But probably I've already used that word before in this
file.  If I used that word 57 characters before, I might as
well write "go 57 characters back, and read 11 characters,"
or <57,11> for short.  In general, when I've already used
the string of characters among the recent 4096 characters,
say, I encode the string by a <position,length> pair.
    In Storer's [8] terminology, this is a sliding
dictionary algorithm, analyzed first by Ziv and Lempel [14]
and then by Storer and Szymanski [9], among others.
    Later versions of LZSS and LArc use binary search trees
to facilitate string matching; see Bell [1].
    Incidentally, there are two distinct Ziv-Lempel (LZ)
methods: sliding dictionary [14] and dynamic dictionary [15]
in Storer's terminology.  The so-called LZW method [12]
belongs to the latter.  Most pre-LHarc compression tools,
such as 'compress', 'ARC', and 'PKARC', were based on the
LZW method.
    During the summer of 1988, I wrote another compression
program, LZARI.  This program is based on the following
observation:  Each output of LZSS is either a single
character or a <position,length> pair.  A single character
can be coded as an integer between 0 and 255.  As for the
<length> field, if the upper limit of <length> is 256,
say, it can be coded as an integer between 256 and 511.
Thus, I can say that there are 512 kinds of "characters,"

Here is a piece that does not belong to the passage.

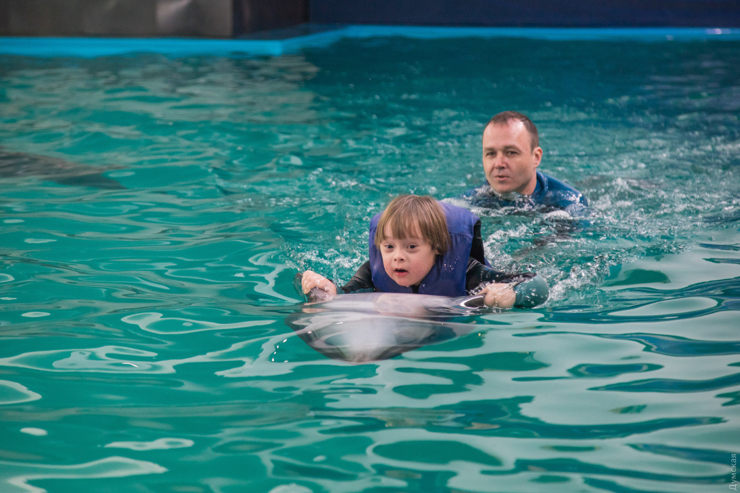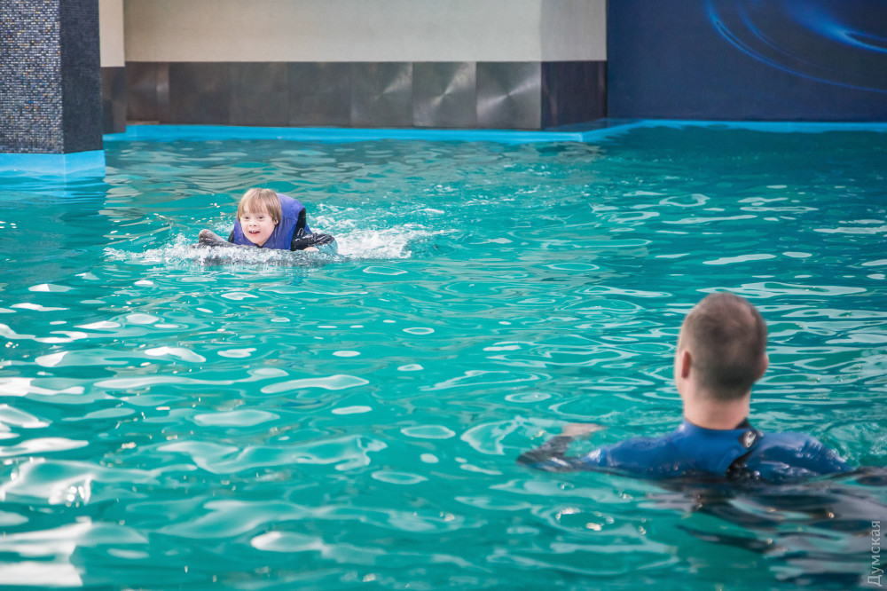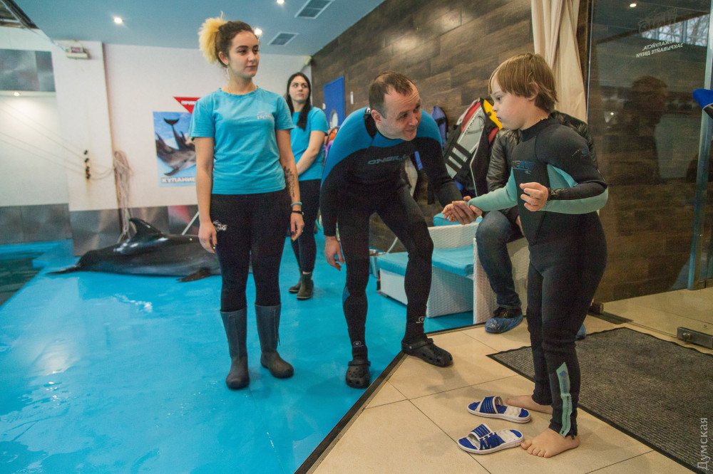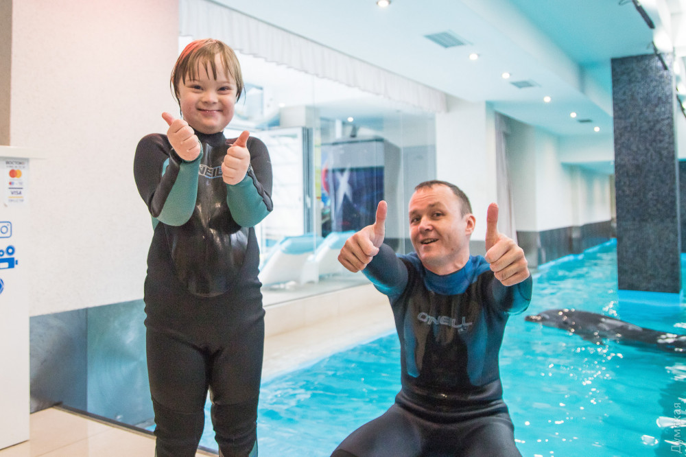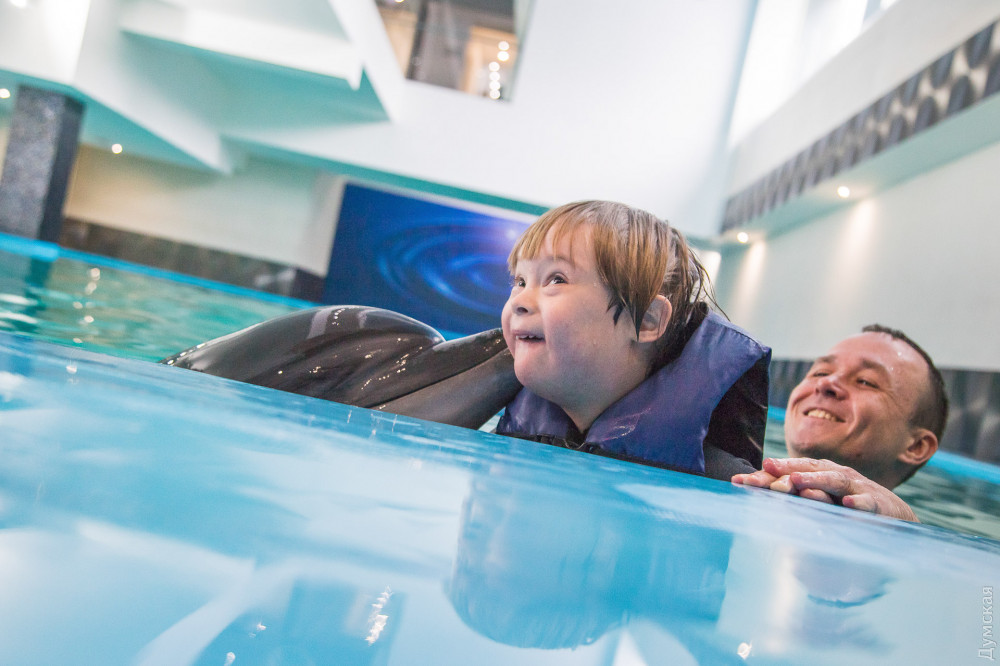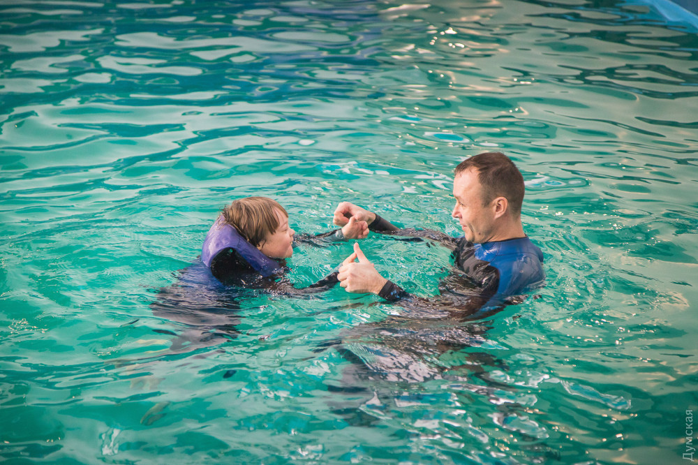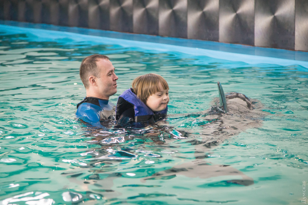 «Подобная терапия — это то, что нам нужно по показаниям, — рассказывает мама Давида Светлана Гончарова. — Сначала мы попробовали лошадок, но Давид их очень испугался. А с дельфином в первый же день подружился и проплыл целый бассейн. Здесь он переборол свой страх и научился плавать, до этого мог только с кругом».
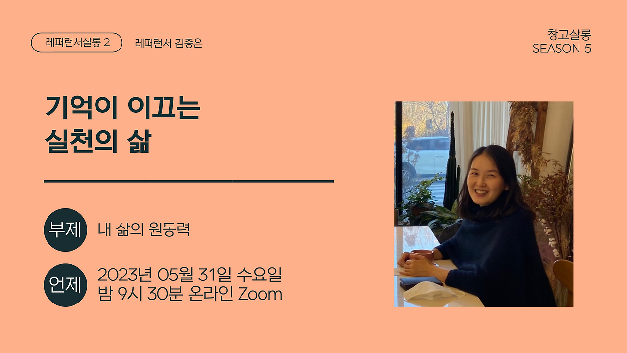 창고살롱의 시즌5 주제는 <Live Today! 삶의 끝에서 바라본 오늘>입니다. 창고살롱 시그니처 프로그램인 레퍼런서 살롱 두 번째 연사는 시즌2부터 그림책 테라피스트로 조용하고, 활발하고, 꾸준히 활동하고 계신(^^) 레퍼런서 종은 님의 서사를 준비했어요. <기억이 이끄는 실천의 삶> 제목으로 그녀의 일과 삶, 고유한 서사를 나눠 주셨습니다.

and the "characters" 256 through 511 are accompanied by a
<position> field.  These 512 "characters" can be Huffman-
coded, or better still, algebraically coded.  The <position>
field can be coded in the same manner.  In LZARI I used an
adaptive algebraic compression [13, 2] to encode the
"characters," and static algebraic compression to encode the
<position> field.  (There are several versions of LZARI;
some of them are slightly different from the above
description.)  The compression of LZARI is very tight,
though rather slow.
    Incidentally, I was told that there is now a shareware
compression program whose output is bit-by-bit equivalent to
the output of one version of my LZARI.
    Haruyasu Yoshizaki (Yoshi), a physician and guru hobby
programmer, worked very hard to make LZARI faster.  Most
importantly, he replaced LZARI's algebraic compression by
dynamic Huffman coding.
    His program, LZHUF, was very successful.  It was much
faster than my LZARI.  As for compression ratio, Huffman
cannot beat algebraic compression, but the difference was
very small.
    Yoshi rewrote the compression engine of LZHUF in
assembler, and added a nifty user interface.  His archiver,
LHarc, is now the de facto standard in Japanese BBSs.
After Prof. Kenjirou Okubo, a mathematician, introduced
LHarc to the United States, it became world-famous.  Other
vendors began using similar techniques: sliding dictionary
plus statistical compressions such as Huffman and Shannon-
Fano.
    Although LHarc was much faster than LZARI, we weren't
quite satisfied with its speed.  Because LHarc was based on
dynamic Huffman, it had to update Huffman tree every time it
received a character.  Yoshi and I tried other dynamic
Huffman algorithms [5, 10, 11], but improvements were not as
great as we desired.
    So I took a different step: replacing LHarc's dynamic
Huffman by a static Huffman method.
    Traditional static Huffman coding algorithm first scans
the input file to count character distribution, then builds
Huffman tree and encodes the file.  In my approach, the
input file is read only once.  It is first compressed by a
sliding dictionary method like LZARI and LHarc, and at the
same time the distributions of the "characters" (see above)
and positions are counted.  The output of this process is
stored in main memory.  When the memory is full (or the
input is exhausted), the Huffman trees are constructed, and
the half-processed file is actually compressed and output.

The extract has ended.